Find the line with "Figure 13.a3-plane for" in the data below. Repeat it and every line after it up to the end, exactly, but drop the pictures.
--- START ---
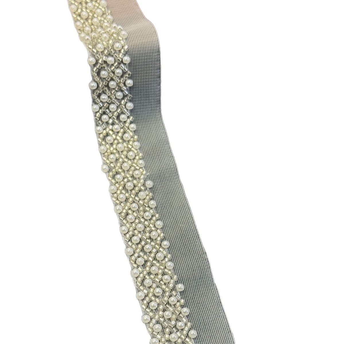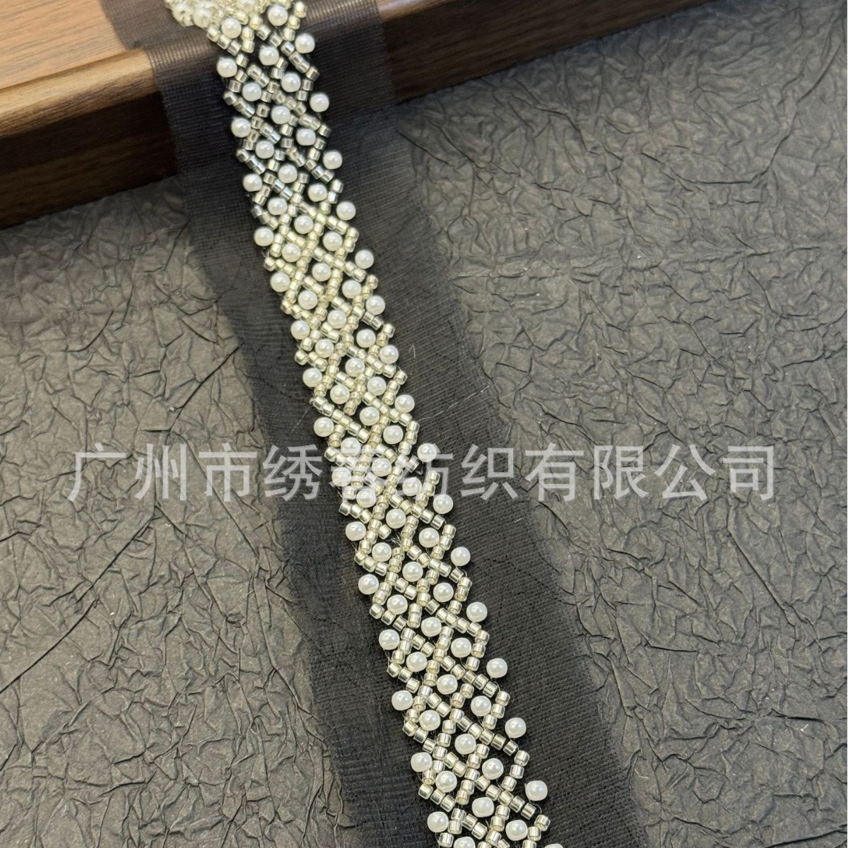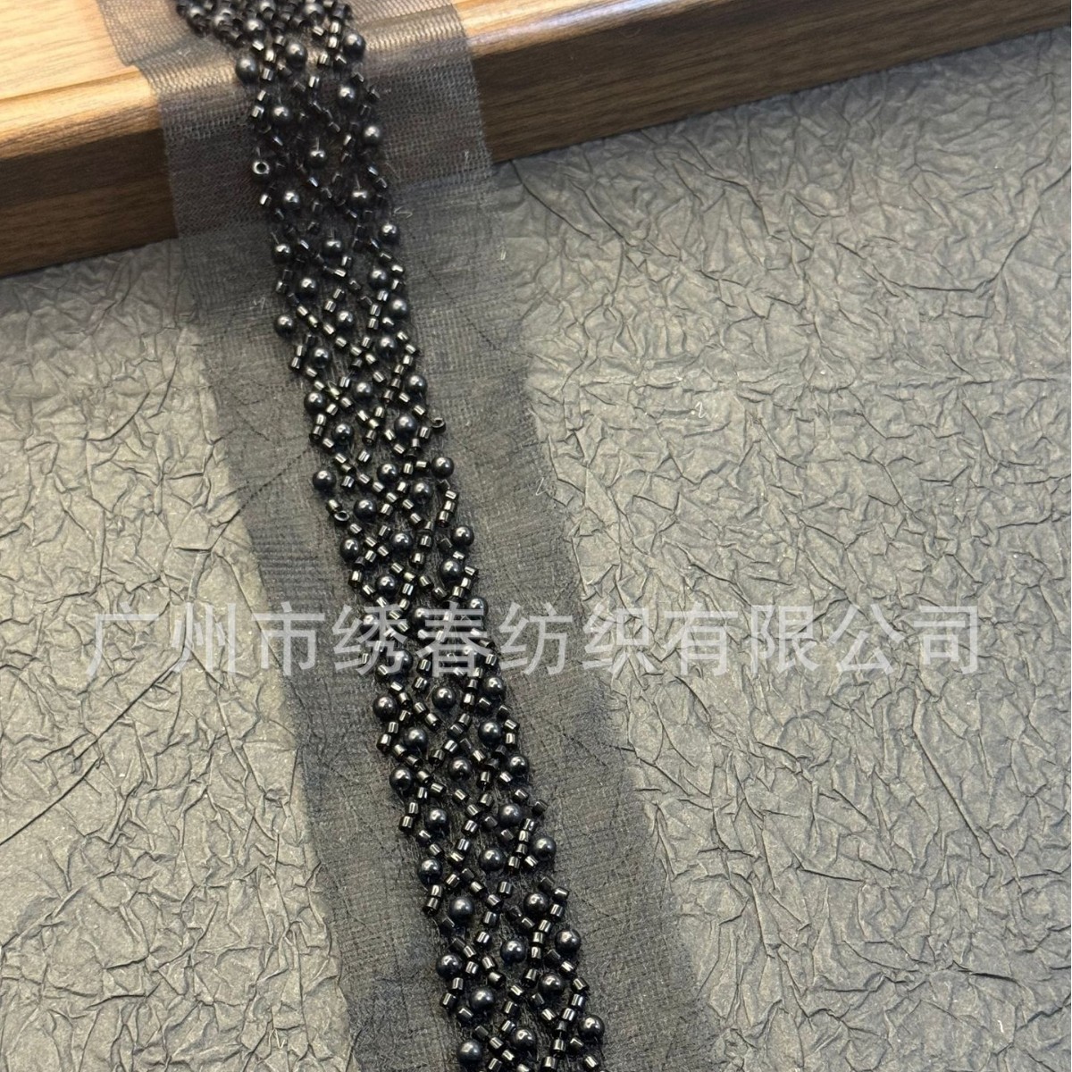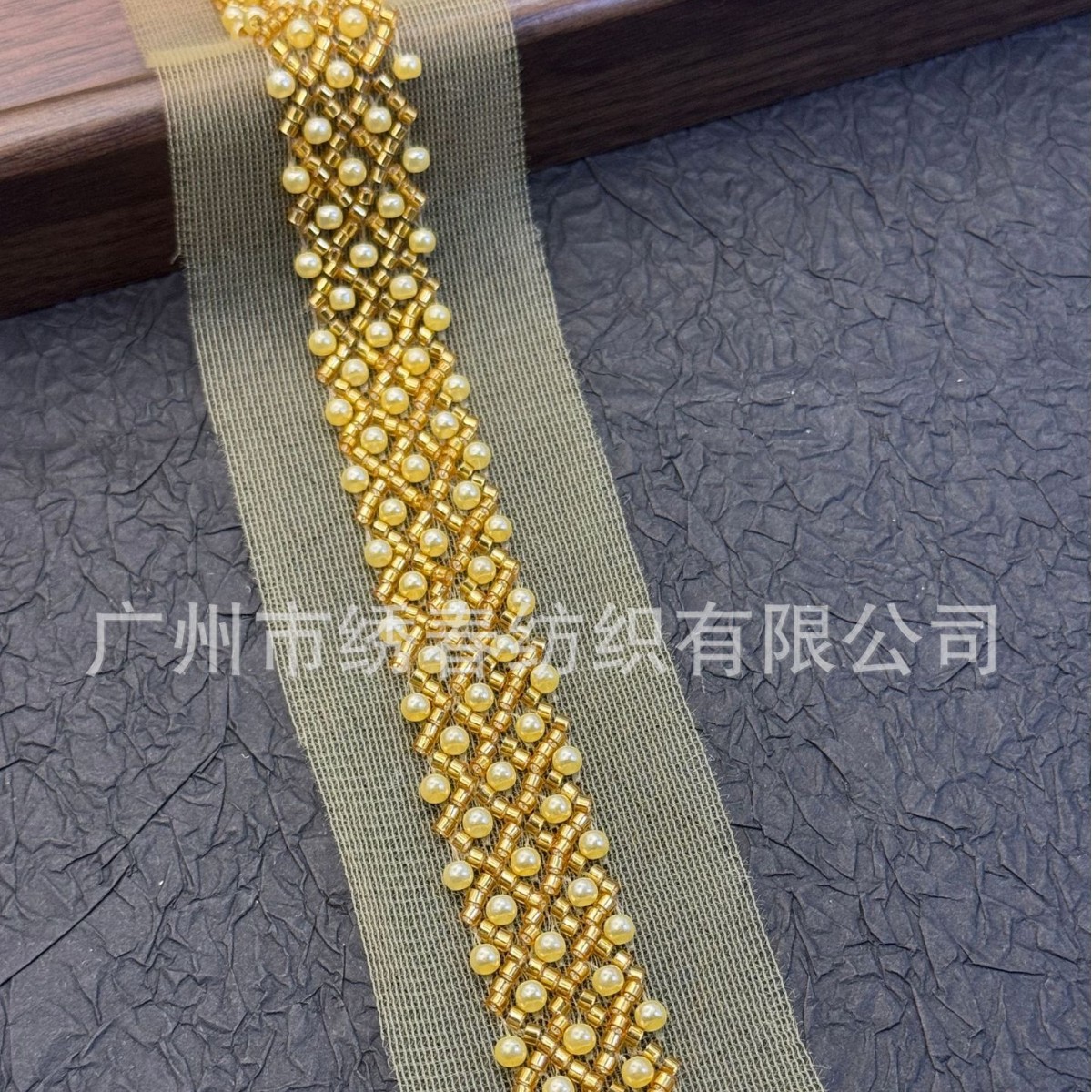 网纱钉珠花边黑白金色DIY手工服装辅料衣领米珠装饰材料珍珠花边
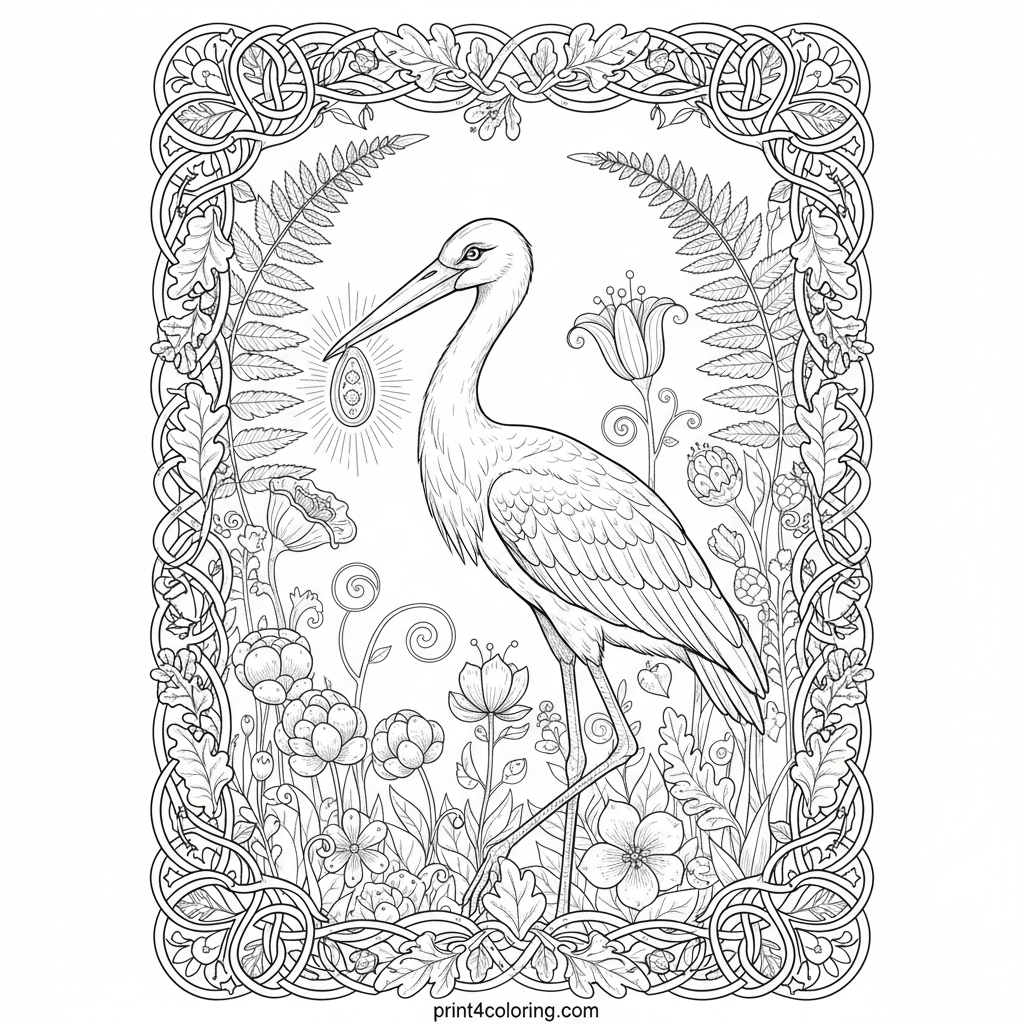 Dive into a magical secret garden where a majestic stork gently carries a single, glowing seed. This intricate scene features a frame of unusual botanical plants, shimmering dew drops, and a serene, enchanted atmosphere. Perfect for experienced colorists to bring to life with vibrant detail and magical hues.
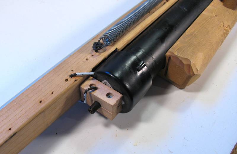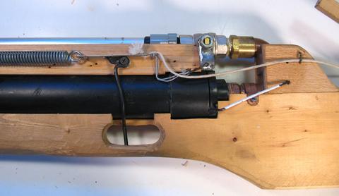 That spring is quite hard to pull back, so I added a string and a lever to help pull it when setting it. You can see the lever towards the back of the photo. The white string is attached to the lever and pulls the strip back when the lever is rotated back and down.
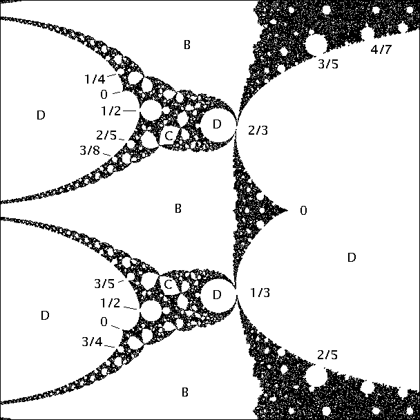 Figure 13.a3-plane for the family of maps z 7→a + 1/z2 , with one critical pointmapping directly to the other. In the more conspicuous hyperbolic components (typeB or E), the period of the attractor is indicated.Maps for which one critical point maps eventually to the other.
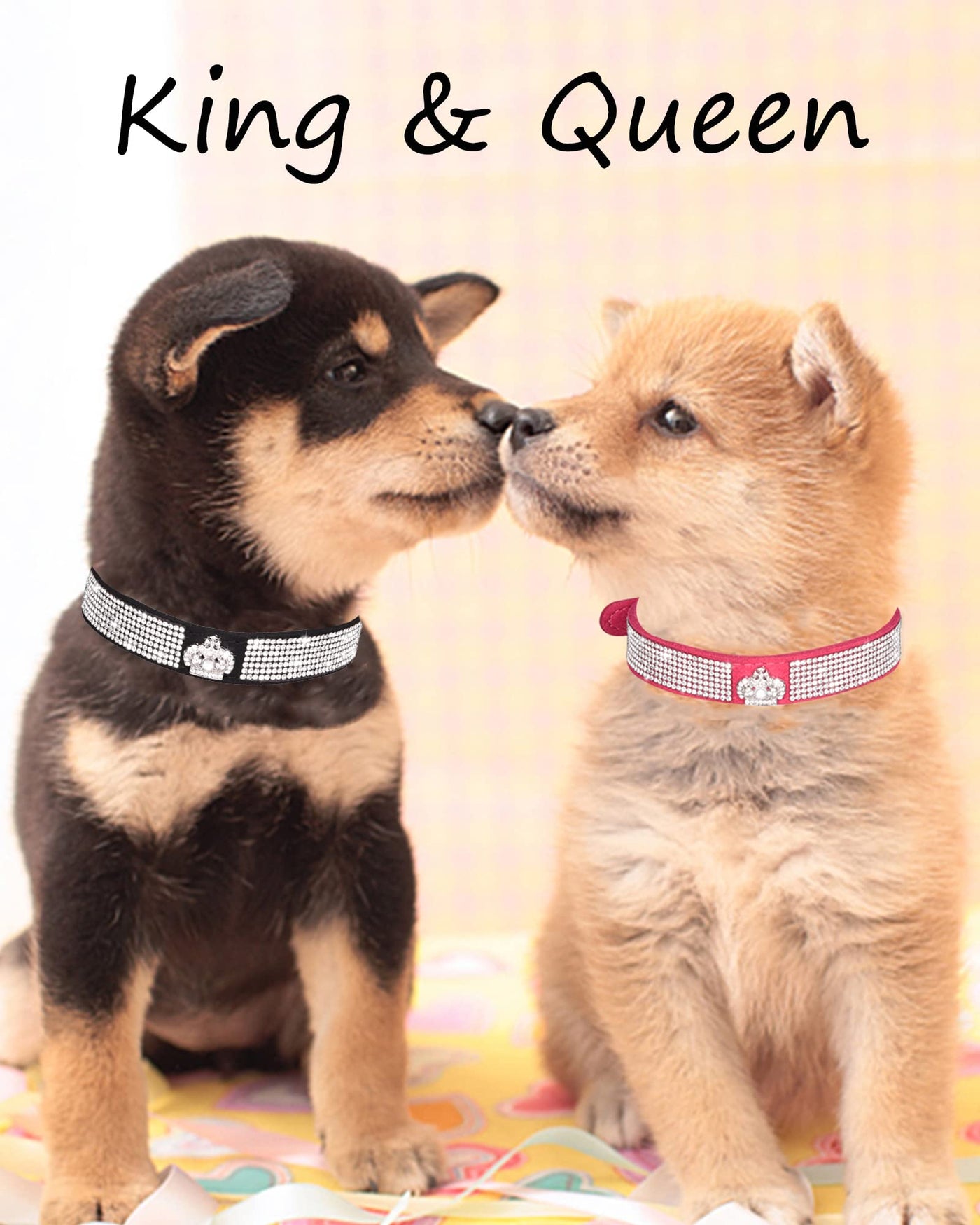 Dog Collar For Small Dogs, Adjustable Leather Suede Bling Dog Collars,Pink Dog Collar Cat Collar, Rhinestone Dog Collar (M, Blac
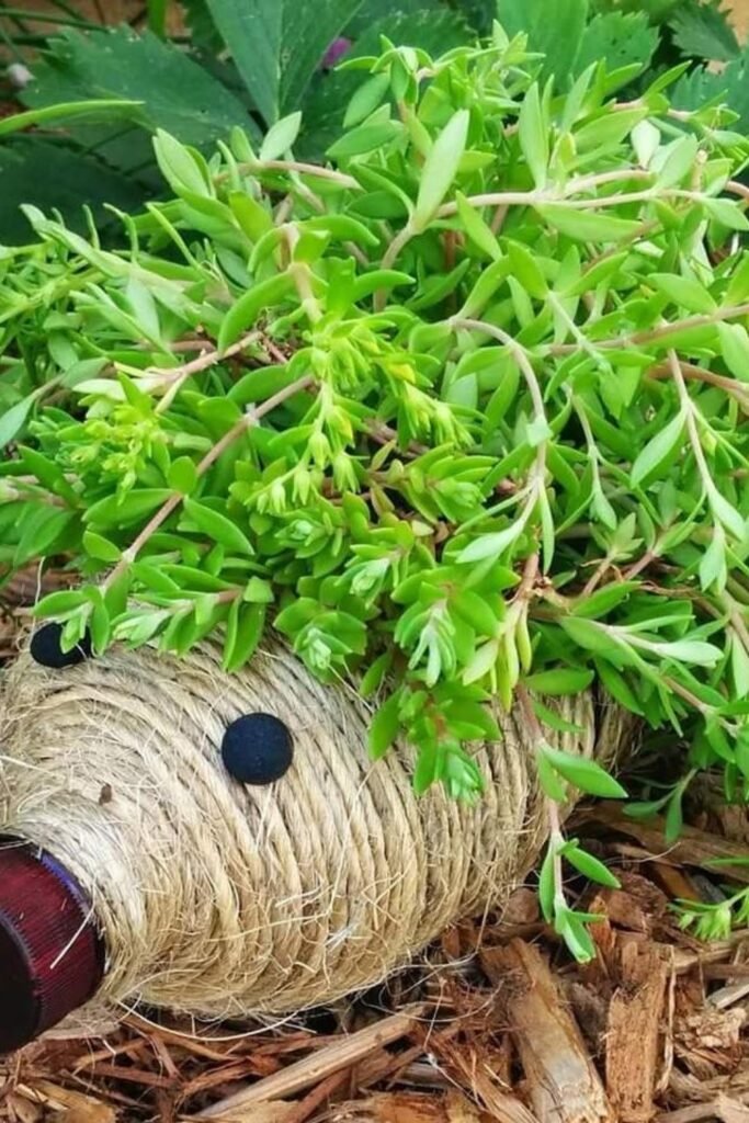 Push trailing plants through the top opening so greenery mimics hedgehog spikes, blending humor with practical ground coverage.
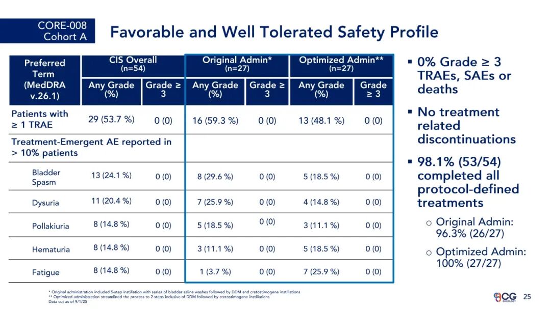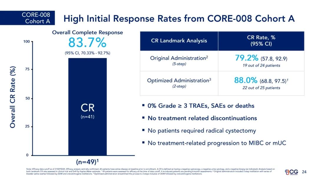 CORE-008 Cohort A针对BCG初治(BCG-Naïve)的高危NMIBC(含原位癌 CIS)患者。截至2025年9月1日,49例可评估患者的任意时间点总体CR率为83.7%(41/49,95% CI:70.3-92.7%),其中原给药方案(5-step)组 24 例患者中有 19 例达到 CR,CR率为79.2%(95% CI:57.8-92.9%);优化给药方案(2-step)组 25 例患者中有22例达到CR,CR率为 88.0%(95% CI:68.8-97.5%)。
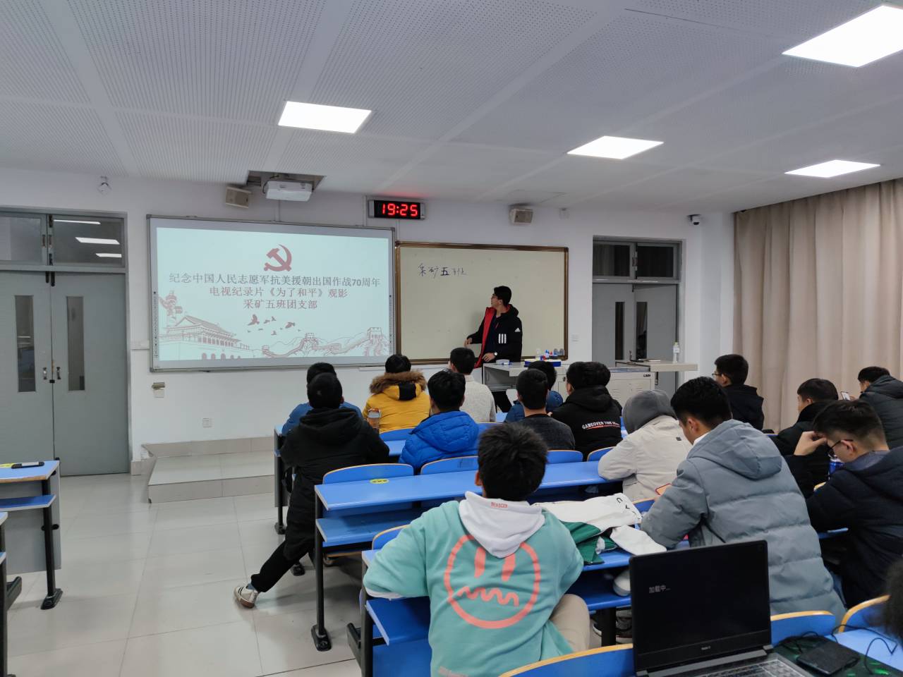 采矿工程2020-3班团支部集体观看,用心体会着志愿军战士不畏艰险、英勇杀敌和舍生忘死的英雄气概。观影结束后,同学们纷纷表示,要珍惜现在来之不易的和平生活,并表示要通过自己的努力,树立振兴中华的爱国情怀,为祖国建设添砖加瓦。
--- END ---
## Output of the exercise
 Figure 13.a3-plane for the family of maps z 7→a + 1/z2 , with one critical pointmapping directly to the other. In the more conspicuous hyperbolic components (typeB or E), the period of the attractor is indicated.Maps for which one critical point maps eventually to the other.
 Dog Collar For Small Dogs, Adjustable Leather Suede Bling Dog Collars,Pink Dog Collar Cat Collar, Rhinestone Dog Collar (M, Blac
 Push trailing plants through the top opening so greenery mimics hedgehog spikes, blending humor with practical ground coverage.
 CORE-008 Cohort A针对BCG初治(BCG-Naïve)的高危NMIBC(含原位癌 CIS)患者。截至2025年9月1日,49例可评估患者的任意时间点总体CR率为83.7%(41/49,95% CI:70.3-92.7%),其中原给药方案(5-step)组 24 例患者中有 19 例达到 CR,CR率为79.2%(95% CI:57.8-92.9%);优化给药方案(2-step)组 25 例患者中有22例达到CR,CR率为 88.0%(95% CI:68.8-97.5%)。
 采矿工程2020-3班团支部集体观看,用心体会着志愿军战士不畏艰险、英勇杀敌和舍生忘死的英雄气概。观影结束后,同学们纷纷表示,要珍惜现在来之不易的和平生活,并表示要通过自己的努力,树立振兴中华的爱国情怀,为祖国建设添砖加瓦。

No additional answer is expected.